A Toxoplasma gondii Gluconeogenic Enzyme Contributes to Robust Central Carbon Metabolism and Is Essential for Replication and Virulence

Martin Blume, Richard Nitzsche, Ulrich Sternberg, Motti Gerlic, Seth L. Masters, Nishith Gupta, Malcolm J. McConville

Cell Host & Microbe 2015 August 12: 18, 210–220

Speaker: Shung-Hao Ku (顧聲豪)                                Time: 15:00~16:00, Nov, 25 2015

Commentator: Dr. Wei Chen Lin (林威辰 老師)       Place: Room 601

Abstract:

        Toxoplasma gondii, an obligate intracellular protozoan, is capable of infecting virtually all warm-blooded animals like humans. Roughly one-third of the world's population is infected with T. gondii, which may lead to a mononucleosis-like syndrome with fever, asthenia and headache.  In host cell, T. gondii utilize glucose to generate energy and essential anabolic precursors via glycolysis, the pentose phosphate pathway, and mitochondrial respiration. Although preferentially utilizing glucose under standard growth conditions, T. gondii still express a number of enzymes involved in gluconeogenesis. It contains two isomers of the enzymes fructose 1,6-bisphosphatase, T. gondii isomer FBPase1 and 2 (TgFBP1, TgFBP2), which catalyze the conversion of fructose 1,6-bisphosphate (FBP) to fructose 6-phosphate. While the rationale for constitutive expression of FBPases in T. gondii remains unclear, it may affect growth and virulence phenotype in T. gondii mutants lacking the major glucose transporter and the capacity to replicate within host cells [1]. In this study, the authors show that the constitutive expression of TgFBP2 is required for parasite intracellular replication in host cells. TgFBP2, but not TgFBP1, was shown to be active in vivo and to support parasite growth under both glucose-limiting and glucose-replete conditions. They further demonstrated that repression of TgFBP2 results in attenuated virulence in mice. In conclusion, TgFBP2 is more important than TgFBP1, and it can regulatory function of early glycolytic flux. Even without glucose, TgFBP2 is able to survive by sustaining gluconeogenesis.
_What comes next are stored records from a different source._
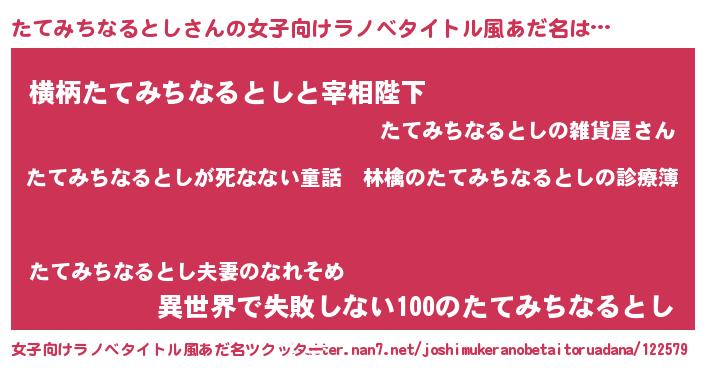 | 男性向けラノベタイトル風あだ名 | 『魔弾の王とたてみちなるとし』 |
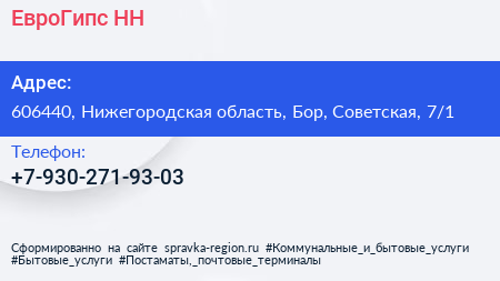 ЕвроГипс-НН по адресу 606440, Нижегородская область, Бор, Советская, 7/1 в дальнейшем Организация, размещена в следующих категориях:
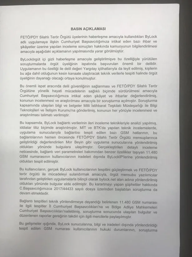 FETÖ/PDY Silahlı Terör Örgütü üyelerinin haberleşme amacıyla kullandıkları ByLock adlı uygulamaya ilişkin Cumhuriyet Başsavcılığımıza intikal eden bazı ihbar ve şikayetler üzerine yapılan inceleme sonuçları hakkında kamuoyunun bilgilendirilmesi amacıyla aşağıdaki açıklamanın yapılmasında yarar görülmüştür.
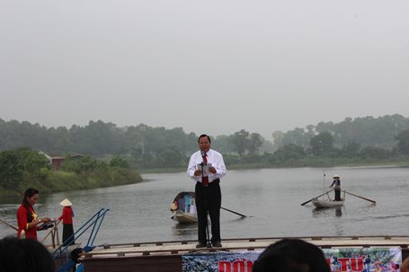 Comme dans les marchés flottants dans le Delta du Mékong, sur chaque bateau, le produit en vente est accroché au sommet d'une perche à bord du bateau. Le client n'a qu'à regarder le sommet de la perche et ils pourront savoir si le vendeur a les produits qu'ils désirent. A cette occasion, il y avait aussi des rameurs qui sont venus du Sud pour vous servir. Un rameur a dit : Vendre et chanter sur la rivière, c'est une spécialité de chez moi. Dans un marché flottant, on vend et on achète, bien sur, mais on communique aussi par le chant. Je suis fière de pouvoir présenter cette tradition de Can Tho".
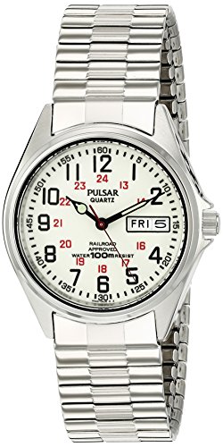 Web exclusive! You're right on track in a Pulsar Men's Silvertone Lumibrite Dial Expansion Watch. With quartz movement and railroad-approved accuracy, this water-resistant timepiece is a must for the busy guy with places to be. The luminous dials of these wristwatches glow after exposure to any light source for added reliability.
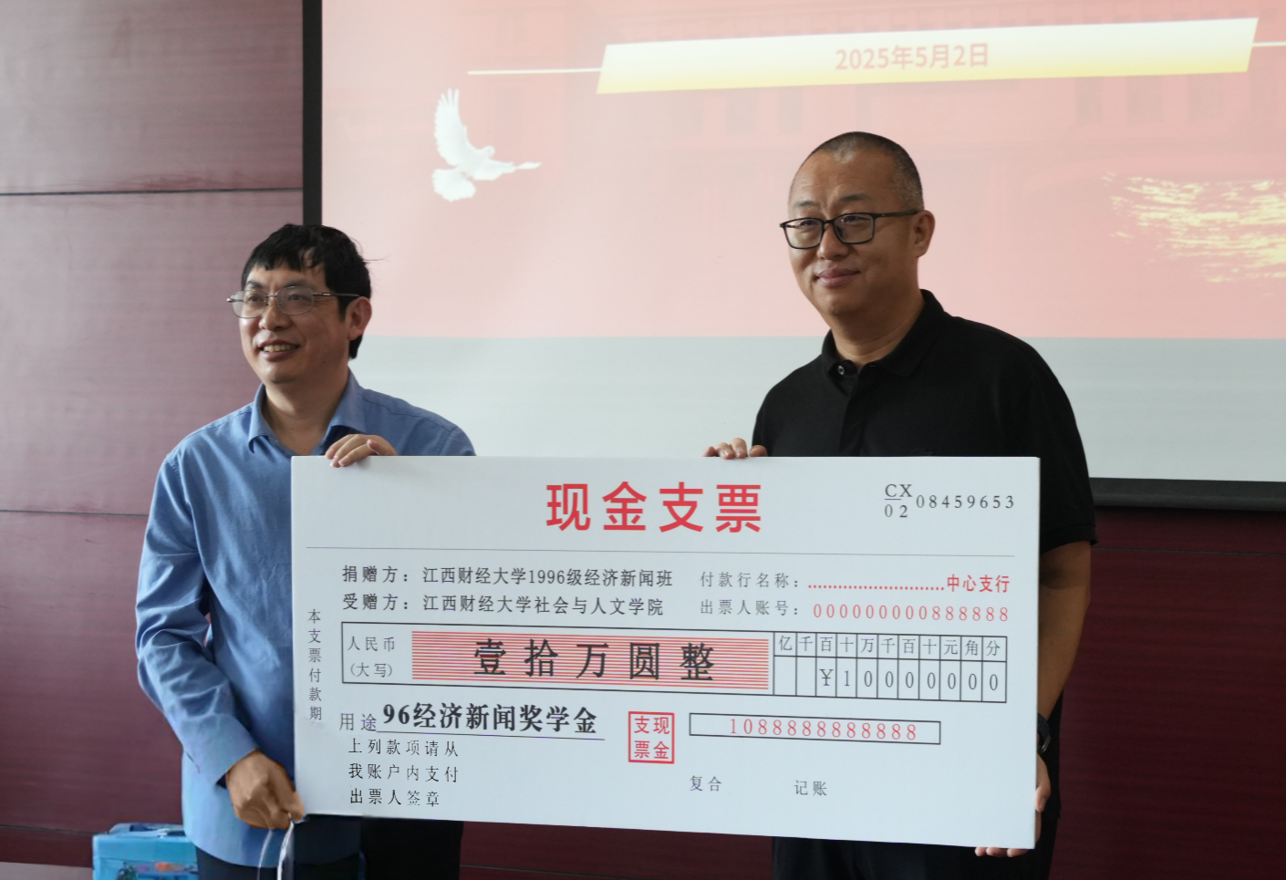 春和景明,万物焕新。5月1日至2日,社会与做爱视频 96级经济新闻班校友毕业25周年重返母校聚会,举行返校见面会及座谈活动等,并向江财校友基金会捐赠10万元设立专项奖学金。党委常委、副校长阙善栋出席见面会并致辞。阔别多年的同窗追忆求学岁月,执手畅叙情谊,重访师友共话初心,为春日的校园注入浓浓暖意。
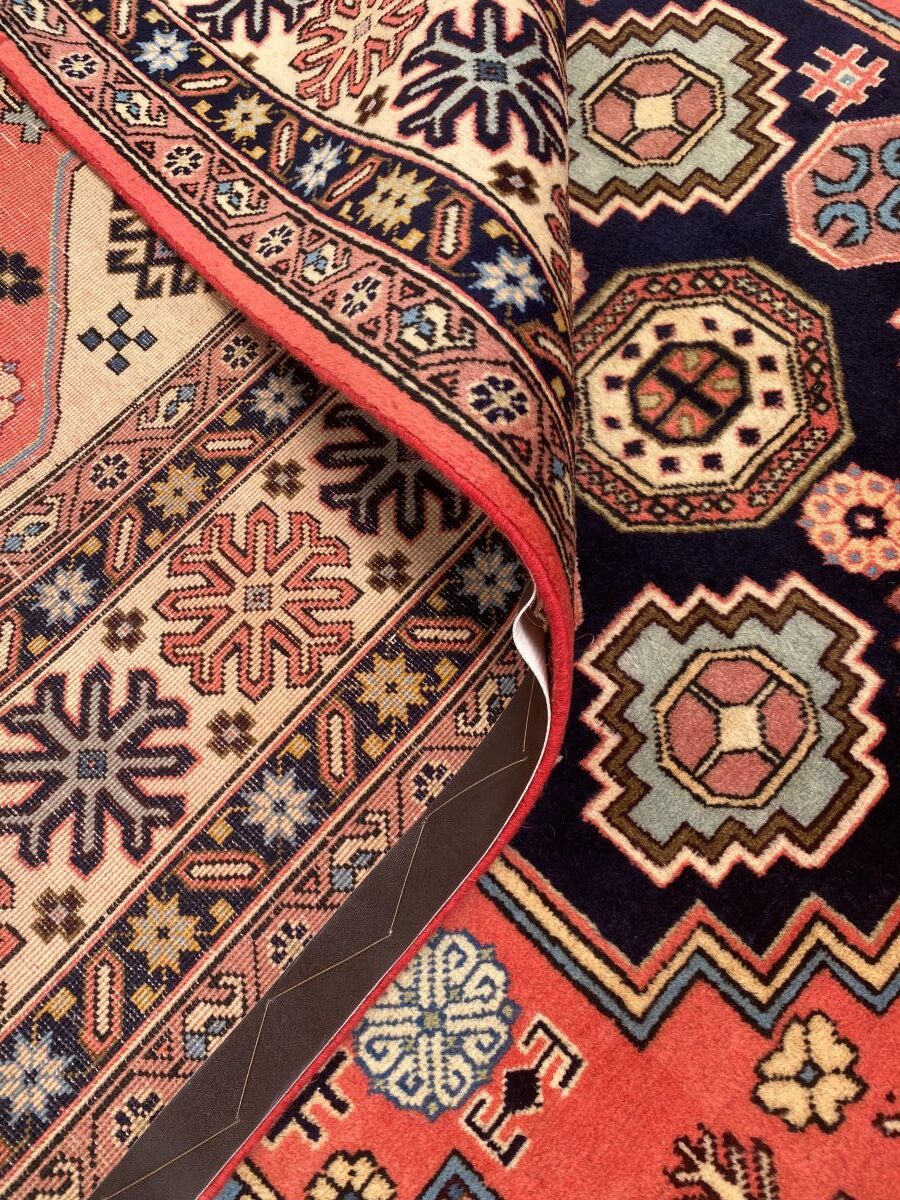 100% fine & dense wool pile. Hand-knotted city weave from the Ardebil province with Caucasian-influenced design of triple hexagonal medallions containing tribal motifs set within a field of tree of life forms, flower heads & geometric patterns. Border of rosettes. The entire in subtle shades of peach, cream, cornflower blue & indigo. In superb condition.
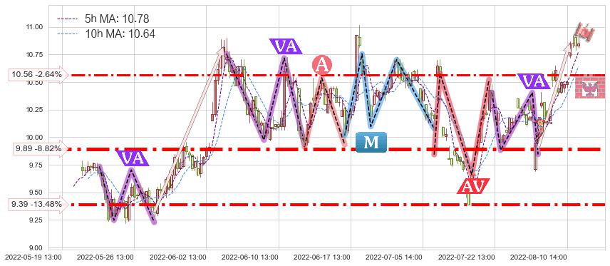 ♞ 5小时均线:10.78,10小时均线:10.64→ 快线>慢线
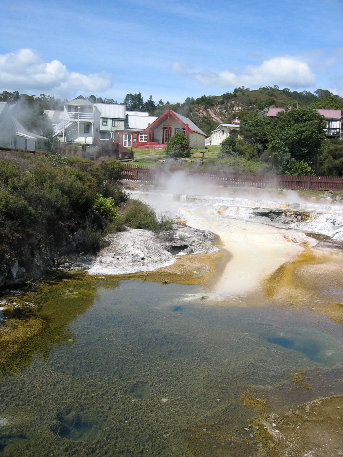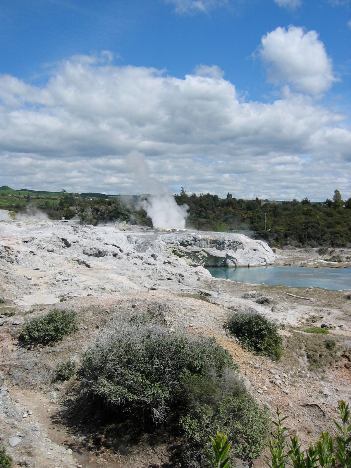 Weiter zur Südspitze der Nordinsel. Hier liegt Rotorua – eines der aktivsten geothermischen Gebiete auf der Welt. Überall steigt Dampf aus dem Boden auf, blubbern unzählige kleine Pools mit heißem Wasser vor sich hin. Die Luft ist warm, dunstig, feucht. Es riech nach einer Mischung aus Schwefel(-wasserstoff) und Silvesternacht. Ein fast surrealer Ort. Der Pohutu Geysir mitten im Stadtzentrum bricht zwanzig Mal am Tag aus – die Fontäne reicht bis zu 30 Meter in die Höhe. Zurücktreten, bitte!

This research raises the possibility that key enzymes in central carbon metabolism are potential drug targets.

Reference:

1.    Blume, M., Rodriguez-Contreras, D., Landfear, S., Fleige, T., Soldati-Favre, D.,Lucius, R., and Gupta, N. (2009). Host-derived glucose and its transporter inthe obligate intracellular pathogen Toxoplasma gondii are dispensable by glutaminolysis. Proc. Natl. Acad. Sci. USA106, 12998–13003.